SSH agent extensions are really powerful.

I'm maintaining a crate for writing own agents (and clients) and just recently added an example of providing decryption over extensions [0] which, coupled with the other examples, allows using SSH agent as a proxy between OpenPGP Card devices (eg Yubikeys) and OpenPGP encrypted data.

[0]: https://github.com/wiktor-k/ssh-agent-lib/pull/70

Got some really positive feedback about this one: https://chaos.social/@Foxboron/112416348981479022 ;)

> Windows didn't really do Unix sockets until recently so everything there is awful

Sadly the support for Unix sockets on Windows in Rust's standard lib is stuck in a limbo: https://github.com/rust-lang/libs-team/issues/271

Fortunately the built-in Windows' SSH client and agent work over Named Pipes and it's quite easy to communicate with them that way: https://github.com/wiktor-k/ssh-agent-lib#agent


Unfortunately the version included in git for Windows doesn't and you have to emulate sockets using magic files instead...


AFAIR you can choose to use Windows OpenSSH or the other one during Git for Windows installation. [0]

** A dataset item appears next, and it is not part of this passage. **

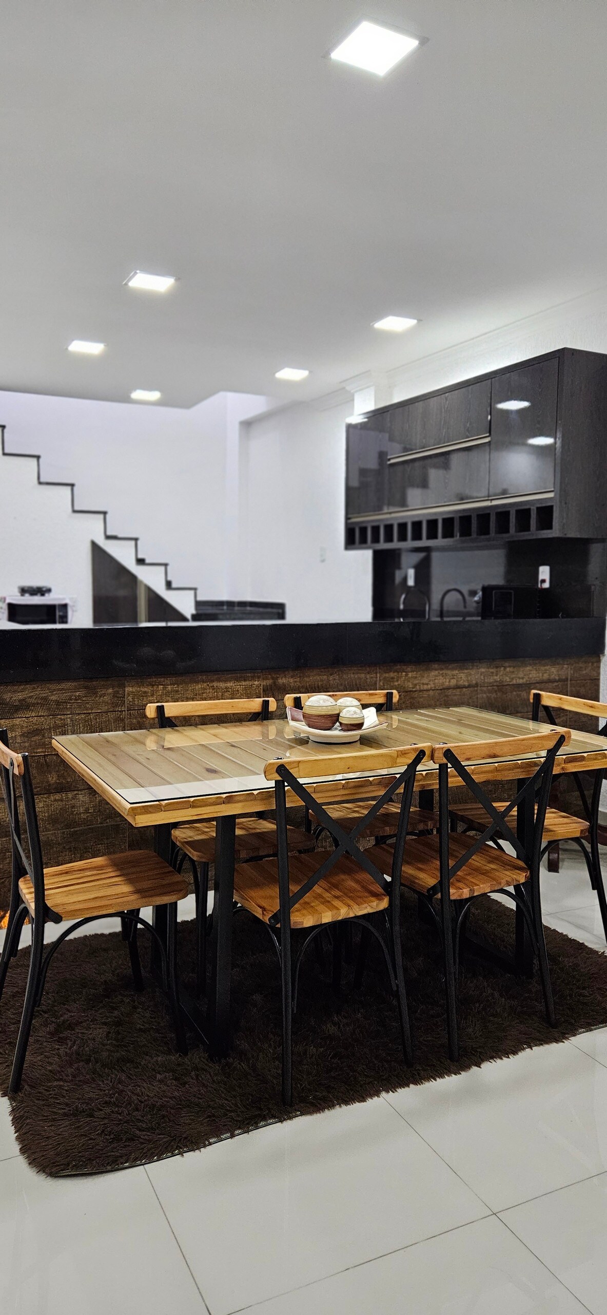 10 nəfərə qədər insanın rahat səfərləri üçün bu zərif və mükəmməl qonaqlama yeri. Şkaf və vannası olan 2 süita, kondisioner, qonaq otağı, 1 yataq otağı (süita deyil), 8 nəfərlik yemək otağı, mətbəx, sosial vanna otağı, paltaryuyan maşını olan xidmət sahəsi, barbekü sahəsi və taxta sobası olan qurman sahəsi, açıq havada duş, 4 vanna otağı, 4 avtomobil üçün qaraj var. Çimərlikdən bir neçə metr məsafədə, bir neçə turistik yerə yaxındır.Emissário, Praça da Baleia və digərləri.

[0]: https://duckduckgo.com/?q=git+for+Windows+openssh&t=fpas&iax...


Unfortunately it's difficult to enforce that, so dealing with users who've already set things up in a specific way is a problem


could always ship a static linked ssh_client


What is so great about Unix sockets that e.g. a normal TCP socket bound to localhost or even a named pipe can not do properly?


UNIX Sockets are more flexible than named pipes;

* You can use them for more than two processes communicating (eg. a server process with potentially multiple client processes connecting);

* They are bidirectional;

* They support passing kernel-verified UID / GID credentials between processes;

* They support passing file descriptors between processes;

* They support packet and sequenced packet modes.

TCP only grants you 2 of these extra features (sequenced packet mode/bidirection), leaving a giant hole in security in the process.


The named pipes, at least on Windows, also support all of that except for passing UID/GID and file handles.


The server can get the calling process info [0], which may be useful for local access control. TCP sockets cannot distinguish clients like that.

[0]: https://docs.rs/tokio/latest/tokio/net/struct.UnixStream.htm...


How hard would that be to extend that to include PKCS#11?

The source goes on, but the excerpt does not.